Write dataframe into a table.

>>> import pandas as pd
>>> from dwopt import lt
>>> tbl = pd.DataFrame({'col1': [1, 2], 'col2': ['a', 'b']})
>>> lt.drop('test')
>>> lt.create('test', col1='int', col2='text')
>>> lt.write(tbl,'test')
>>> lt.run('select * from test')
   col1 col2
0     1    a
1     2    b

Attempt to write a dataframe into database and query back the same dataframe.

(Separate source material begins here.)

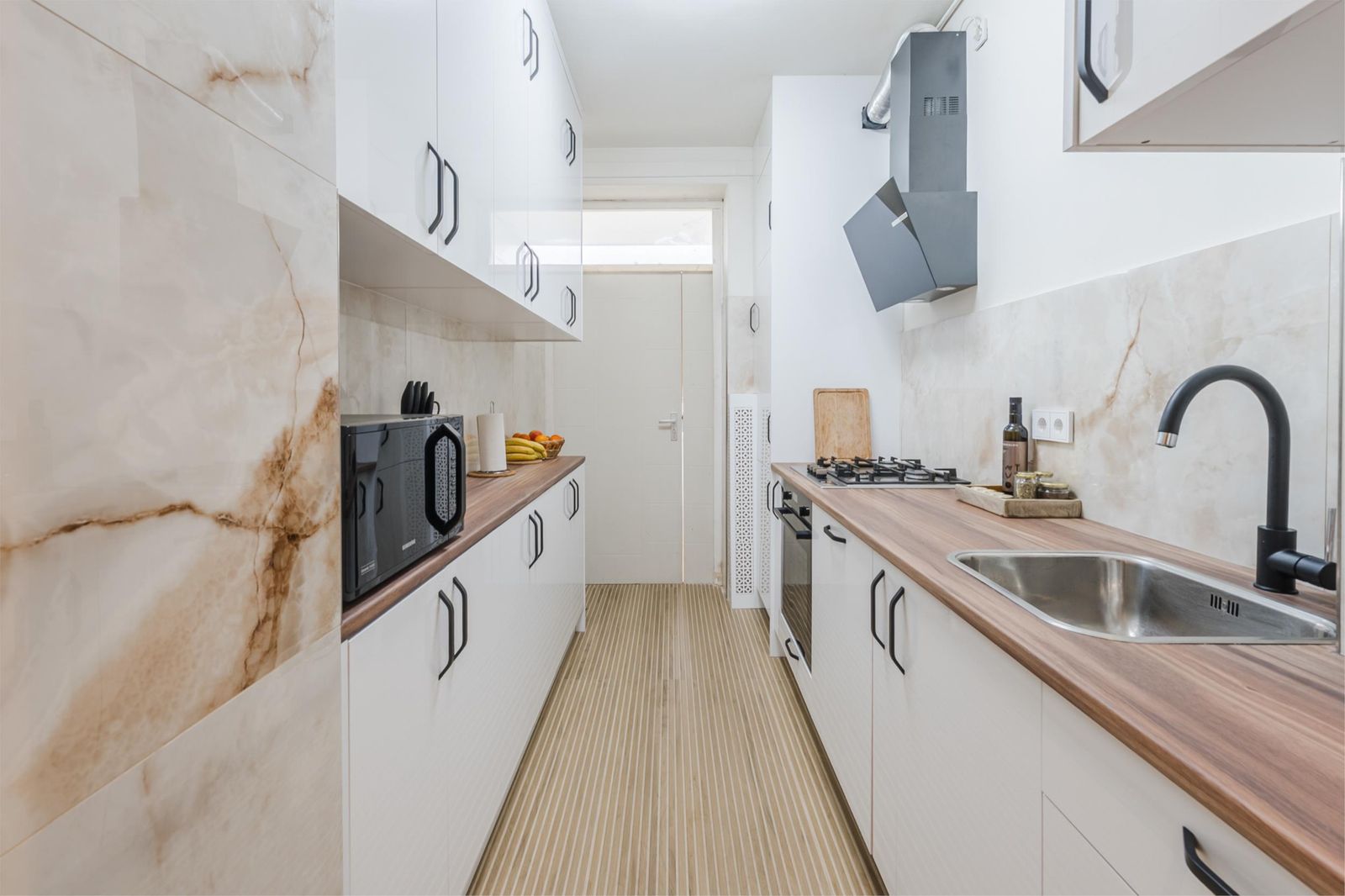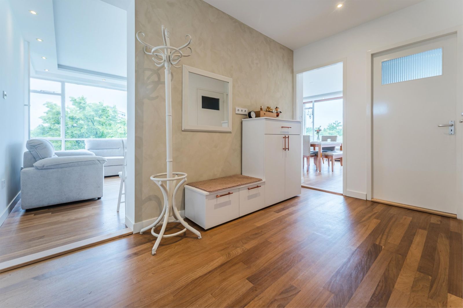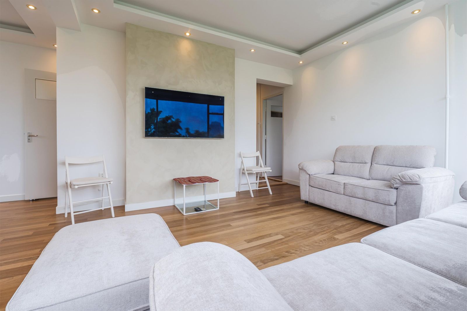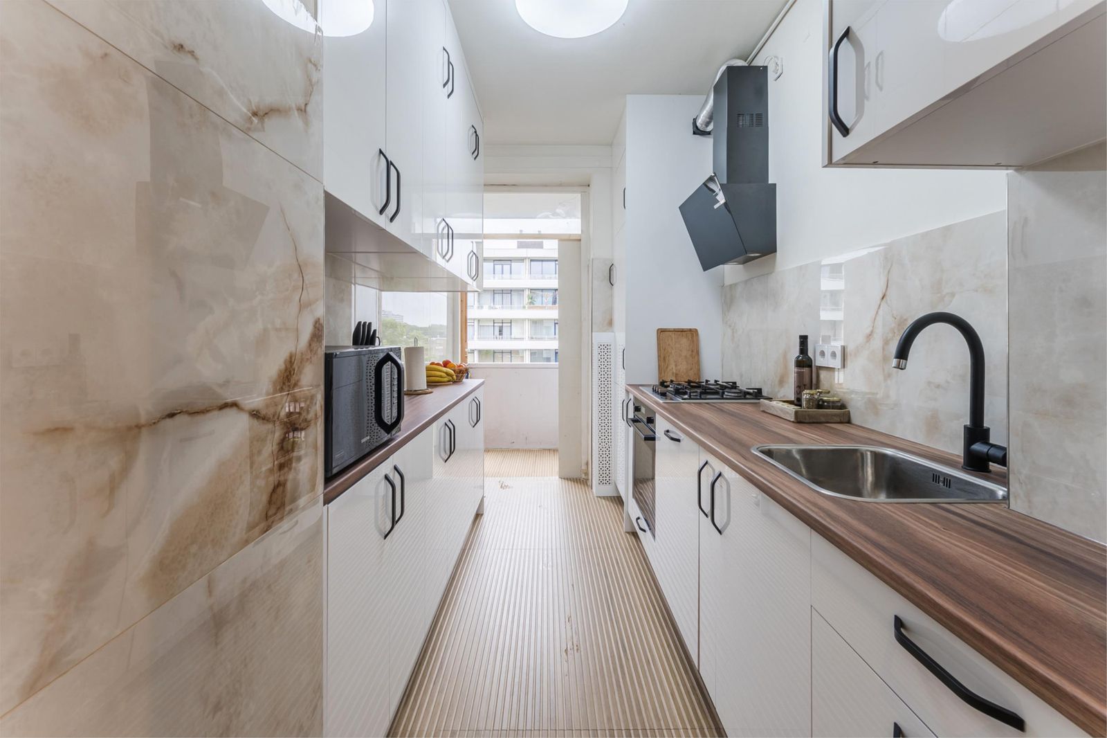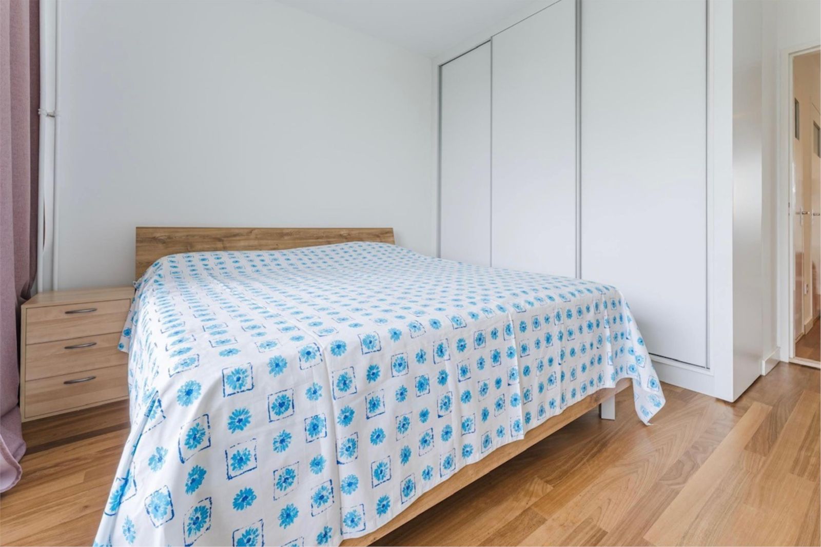 Apartment entrance, spacious hall, toilet, very light and spacious living room. The home has a beautiful wooden floor. Modern white kitchen with appliances, adjacent to a small balcony. Balcony can be closed (permit is present), which makes the kitchen bigger.

>>> from dwopt import make_test_tbl
>>> from pandas.testing import assert_frame_equal
>>> pg, df = make_test_tbl('pg')
>>> pg.drop('test')
>>> pg.create(
...     "test",
...     dtypes={
...         "id": "bigint primary key",
...         "score": "float8",
...         "amt": "bigint",
...         "cat": "varchar(20)",
...         "dte":"date",
...         "time":"timestamp"
...     }
... )
>>> pg.write(df, 'test')
>>> df_back = pg.qry('test').run().sort_values('id').reset_index(drop=True)
>>> assert_frame_equal(df_back, df)

write_nodup(tbl, sch_tbl_nme, pkey, where=None)[source]

Insert without creating duplicates.

Does below:

Make and run a select statement with optionally provided where clause.
If step 1 returns any results and the payload table in non-empty , remove duplicates on the payload table, using the provided primary key columns as judge of duplication.
Make insert statement on the non-duplicating payload data via the dwopt.dbo._Db.write() method.

Parameters:

tbl (pandas.DataFrame) – Payload Dataframe with data to insert.
sch_tbl_nme (str) – Table name in form my_schema1.my_table1 or my_table1.
pkey ([str]) – Iterable of column name str.
where (str) – where clause in str form. The where keyword is not needed.